Friendship dies and true love lies
Night will fall and the dark will rise
When a good man goes to war.
Demons run but count the cost
The battle’s won but the child is lost.”
— Demons Run
“Clara sometimes asks me if I dream. ‘Of course I dream,’ I tell her. ‘Everybody dreams.’ ‘But what do you dream about?,’ she’ll ask. ‘The same things everybody dreams about,’ I tell her. ‘I dream about where I’m going. She always laughs at that. ‘But you’re not going anywhere, you’re just wandering about.’ That’s not true. Not anymore. I have a new destination. My journey is the same as yours, the same as anyone’s. It’s taken me so many years, so many lifetimes, but at last I know where I’m going. Where I’ve always been going. Home. The long way around.”
— Eleventh Doctor, Day of the Doctor
“I am not running away. But this is one corner of one country on one continent on one planet that’s a corner of a galaxy that’s a corner of a universe that is forever growing and shrinking and creating and growing and never remaining the same for a second millisecond, and there is so much – so much to see, Amy. Because it goes so fast. I’m not running away from things, I am running to them. Before they flare and fade forever.”

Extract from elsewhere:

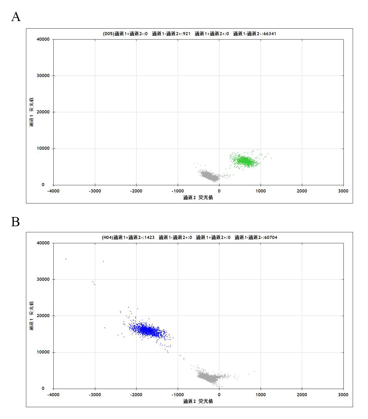 Figure 3. A:HCT116 Parental Cell;B:WRN[C727S](Homozygous,AF%:100) Isogenic HCT116 通道2 藍(lán)色微滴代表WRN[C727S]突變陽(yáng)性,通道2 綠色微滴代表該位點(diǎn)為陰性野生型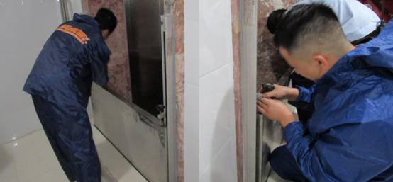 隨后還模擬了一旦洪水進入地下室后,對電梯設(shè)備進行安裝防水板的實操演練。

— Eleventh Doctor, The Power of Three
River’s narration: [as the Doctor walks away from the Library] When you run with the Doctor, it feels like it’ll never end, but however hard you try you can’t run forever. Everybody knows that everybody dies and nobody knows it like the Doctor, but I do think that all the skies of all the worlds might just turn dark if he ever, for one moment, accepts it.
River’s narration: Everybody knows that everybody dies, but not every day. Not today. [The Doctor uploads her into CAL, where she is “saved” in a virtual reality, along with her fellow expiditioners killed by the Vashta Nerada] Some days are special. Some days are so, so blessed. Some days, nobody dies at all. Now and then, every once in a very long while, every day in a million days, when the wind stands fair and the Doctor comes to call, everybody lives.